About this project.
This is a project that utilizes the browser’s built-in speech synthesis capabilities to give people in your Twitch chat the ability to speak!
During almost all of my streams, I used a utility called Speechchat to read chat messages aloud so that I could focus on the game at hand instead of reading a moving chat box.
Over time, it sort of became a staple of my streams. But I wanted more. I wanted the ability to assign each chatter their own unique voice so that you could easily distinguish which chatter was talking based on the voice that spoke it. That’s where Chatvoice comes in.
What makes Chatvoice different?
One of my biggest gripes with Speechchat was that it relied upon storing your data in Google Drive, meaning it was yet another service that you had to trust to handle your data correctly. Additionally, Speechchat had a “digital currency” called stars. You start with 10 stars, and you can easily earn an additional 10 more by just clicking a button. You could use a star to create a keyword filter, meaning that free users could only filter out up to 20 keywords unless they bought more stars, among a couple other things you could use stars on.
Truthfully, I fully understand paywalling some features, and I’m not upset about it. Developers want to be paid for the time they spend working on a project, or on the upkeep costs of hosting it.

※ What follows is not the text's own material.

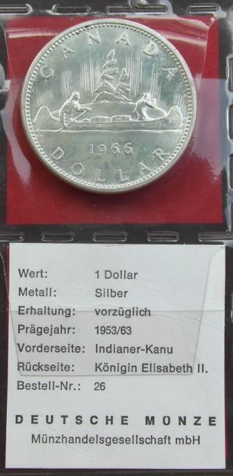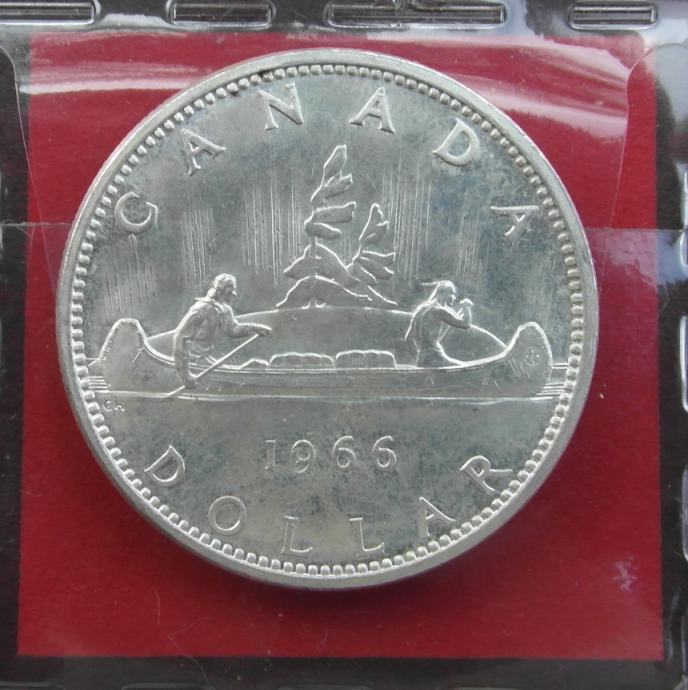 Kanadski srebrni novčić od 1 dolara iz 1966. godine izrađen je od 80% srebra s prikazom kraljice Elizabete II. na licu i traperima u kanuu na naličju, težine 23,33 g i promjera 36 mm. Ovi novčići dio su serije kovane od 1935. do 1967. godine i popularni su među kolekcionarima, cijenjeni zbog sadržaja srebra i povijesnog dizajna.

But Chatvoice is different. I want the project to remain completely free and add a few features that don’t exist in Speechchat. Notably:
- No login/signup necessary, everything is handled within your browser itself. YOU own your data, and you can export/restore a backup at any point.
- Assigning voices to different chatters to tell who is who.
- Better handling for both big chats and small chats.
It still has some drawbacks.
One of the biggest problems with both Chatvoice and Speechchat, is that they rely entirely on the voices provided by your browser’s Speech Synthesis API.
This means that the number of voices available to use differ depending on what browser you’re using, or what voices are provided directly from your operating system. For example: if you were on Windows using my personal browser of choice, Zen Browser, it doesn’t include any additional voices. So you’re limited to the built-in text-to-speech voices provided by Windows itself. Whereas if you used a browser like Chrome or Edge, they include Google and Microsoft’s respective cloud text-to-speech voices.
And unfortunately, this means that the best browser to use for Chatvoice is actually Microsoft Edge. It includes the most robust set of voices across multiple different languages.